> _Data shown_:
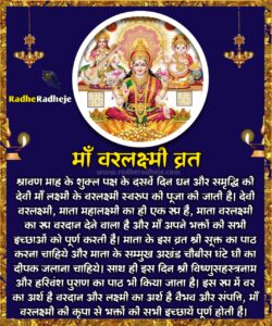 श्रावण माह के शुक्ल पक्ष के दसवें दिन धन और समृद्धि की देवी माँ लक्ष्मी के वरलक्ष्मी स्वरुप की पूजा की जाती है। देवी वरलक्ष्मी, माता महालक्ष्मी का ही एक रूप है, माता वरलक्ष्मी का रूप वरदान देने वाला है और माँ अपने भक्तों की सभी इच्छाओं को पूर्ण करती हैं। माता के इस व्रत श्री सूक्त का पाठ करना चाहिये और माता के सम्मुख अखंड चौबीस घंटे घी का दीपक जलाना चाहिये। साथ ही इस दिन श्री विष्णुसहस्त्रनाम और हरिवंश पुराण का पाठ भी किया जाता है। इस रूप में वर का अर्थ है वरदान और लक्ष्मी का अर्थ है वैभव और संपत्ति, माँ वरलक्ष्मी की कृपा से भक्तों की सभी इच्छायें पूर्ण होती हैं।
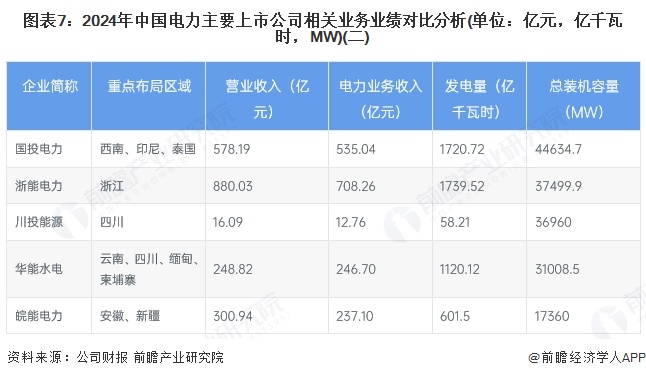 在区域布局方面,华能国际、国投电力、华能水电等企业布局较为广泛,涉及境内和境外市场。2024年营业收入、电力业务收入、发电量、总装机容量最大的均为华能国际,4项指标分别达到2455.51亿元、2375.54亿元、4798.64亿千瓦时、145125MW。
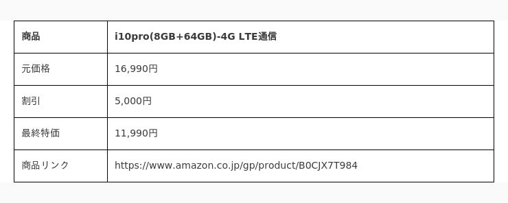 i10pro(8GB+64GB):11,990円
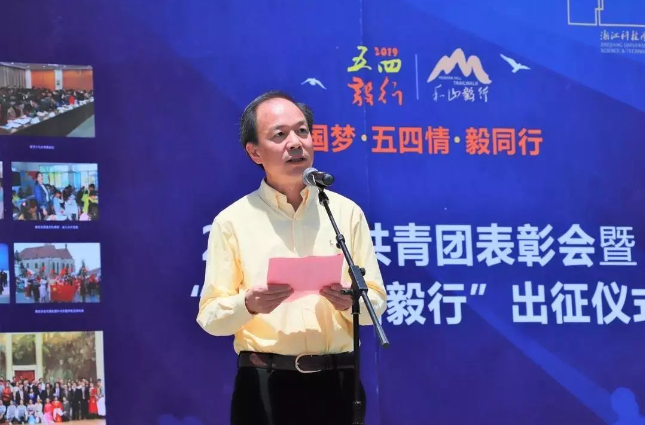2019年5月4日,为深入贯彻学习习近平同志重要讲话思想,弘扬五四精神,唱响青春之歌,浙江科技学院共青团表彰大会暨第十二届“五四和山毅行”出征仪式于银杏广场隆重举行。
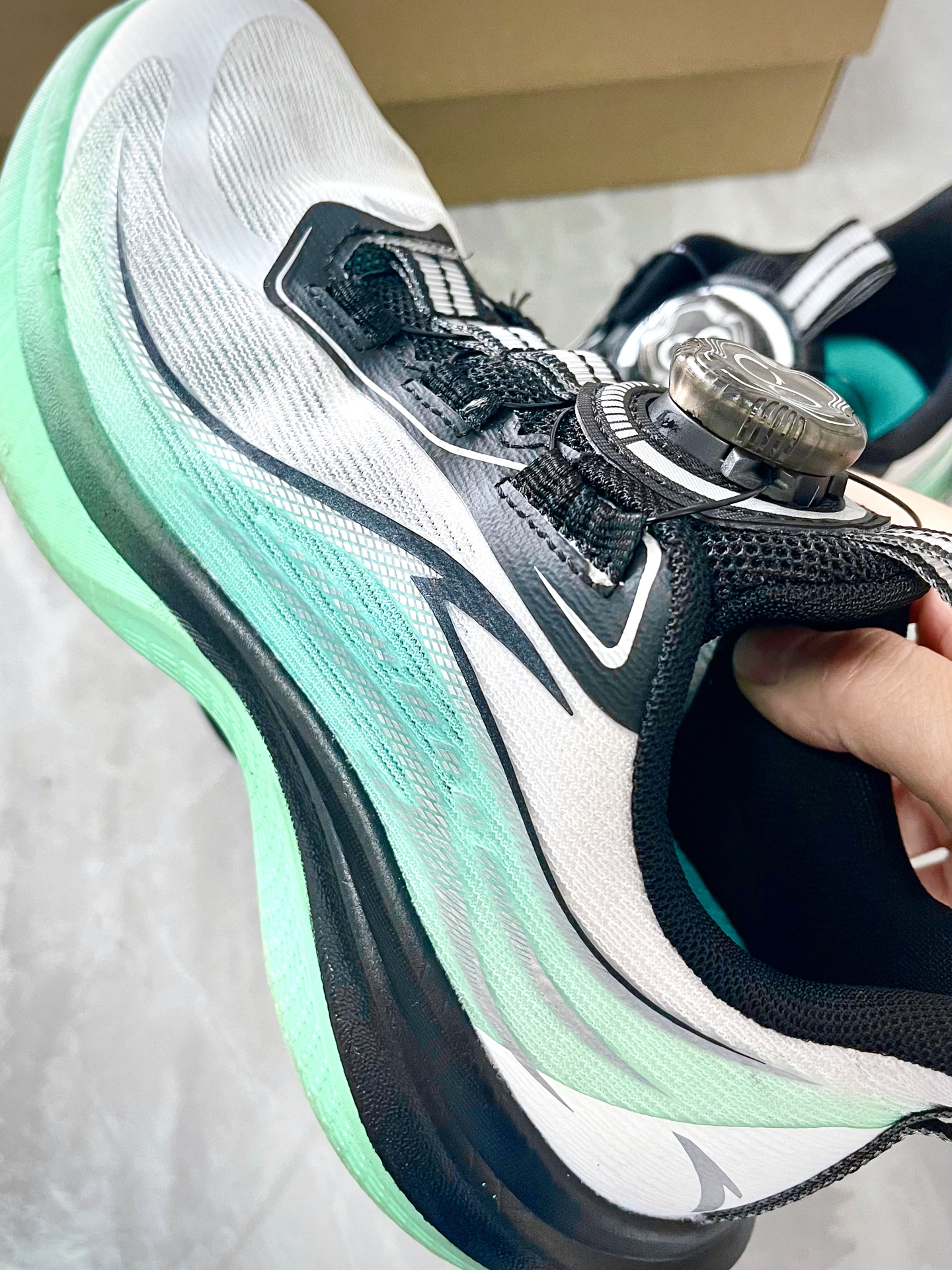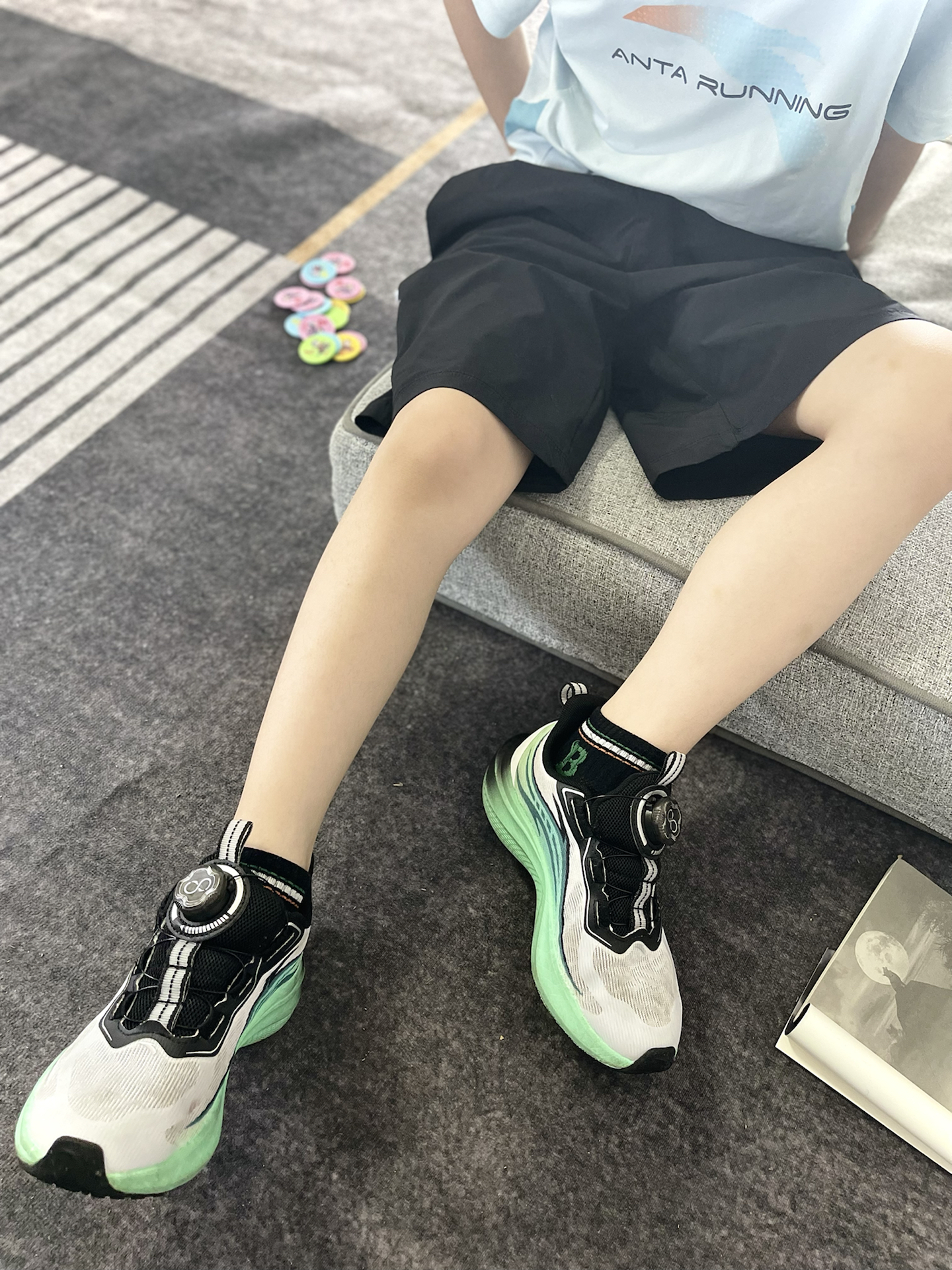 重点夸夸这双氢跑2.0童鞋! 旋转纽扣设计太懂老母亲了 现在娃自己轻松穿脱(终于不用蹲着帮系鞋带了 白+荧光绿的配色是属于夏天的小清凉 点缀黑色防滑纹鞋底,颜值蹭蹭的飙升~ 娃说: 跑跳时像踩着弹簧垫(官方叫犟弹科技- 不过白色网面 确实容易脏 但架不住娃天天点名要穿啊!
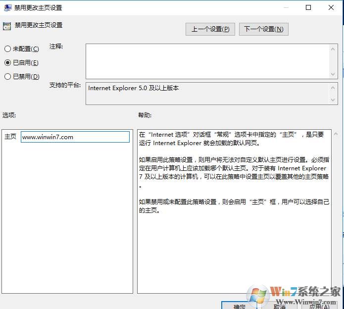 3.雙擊打開禁用更改主頁設(shè)置,在里面如下圖點擊“已啟用”在下方輸入你要設(shè)置的主頁鏈接如 m.cncxm.com,點擊確定。
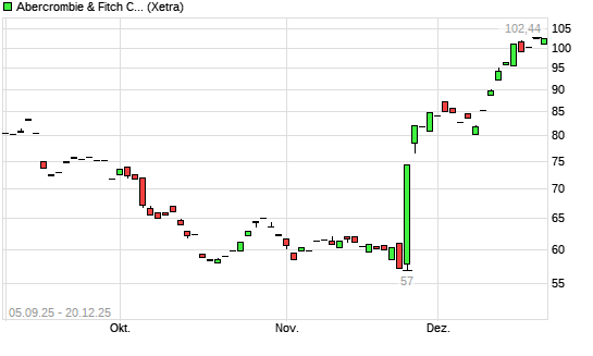 Mit dem Anstieg auf 101,74 EUR hat die Abercrombie & Fitch-Aktie (ISIN US0028962076) am 19.12.2025 ein neues 6-Monats-Hoch erreicht und damit den Kurs vom 16.12.2025 eingestellt.

> _Task_: Restate the data word for word, minus any images.

> _The answer_:
 श्रावण माह के शुक्ल पक्ष के दसवें दिन धन और समृद्धि की देवी माँ लक्ष्मी के वरलक्ष्मी स्वरुप की पूजा की जाती है। देवी वरलक्ष्मी, माता महालक्ष्मी का ही एक रूप है, माता वरलक्ष्मी का रूप वरदान देने वाला है और माँ अपने भक्तों की सभी इच्छाओं को पूर्ण करती हैं। माता के इस व्रत श्री सूक्त का पाठ करना चाहिये और माता के सम्मुख अखंड चौबीस घंटे घी का दीपक जलाना चाहिये। साथ ही इस दिन श्री विष्णुसहस्त्रनाम और हरिवंश पुराण का पाठ भी किया जाता है। इस रूप में वर का अर्थ है वरदान और लक्ष्मी का अर्थ है वैभव और संपत्ति, माँ वरलक्ष्मी की कृपा से भक्तों की सभी इच्छायें पूर्ण होती हैं।
 在区域布局方面,华能国际、国投电力、华能水电等企业布局较为广泛,涉及境内和境外市场。2024年营业收入、电力业务收入、发电量、总装机容量最大的均为华能国际,4项指标分别达到2455.51亿元、2375.54亿元、4798.64亿千瓦时、145125MW。
 i10pro(8GB+64GB):11,990円
2019年5月4日,为深入贯彻学习习近平同志重要讲话思想,弘扬五四精神,唱响青春之歌,浙江科技学院共青团表彰大会暨第十二届“五四和山毅行”出征仪式于银杏广场隆重举行。
 重点夸夸这双氢跑2.0童鞋! 旋转纽扣设计太懂老母亲了 现在娃自己轻松穿脱(终于不用蹲着帮系鞋带了 白+荧光绿的配色是属于夏天的小清凉 点缀黑色防滑纹鞋底,颜值蹭蹭的飙升~ 娃说: 跑跳时像踩着弹簧垫(官方叫犟弹科技- 不过白色网面 确实容易脏 但架不住娃天天点名要穿啊!
 3.雙擊打開禁用更改主頁設(shè)置,在里面如下圖點擊“已啟用”在下方輸入你要設(shè)置的主頁鏈接如 m.cncxm.com,點擊確定。
 Mit dem Anstieg auf 101,74 EUR hat die Abercrombie & Fitch-Aktie (ISIN US0028962076) am 19.12.2025 ein neues 6-Monats-Hoch erreicht und damit den Kurs vom 16.12.2025 eingestellt.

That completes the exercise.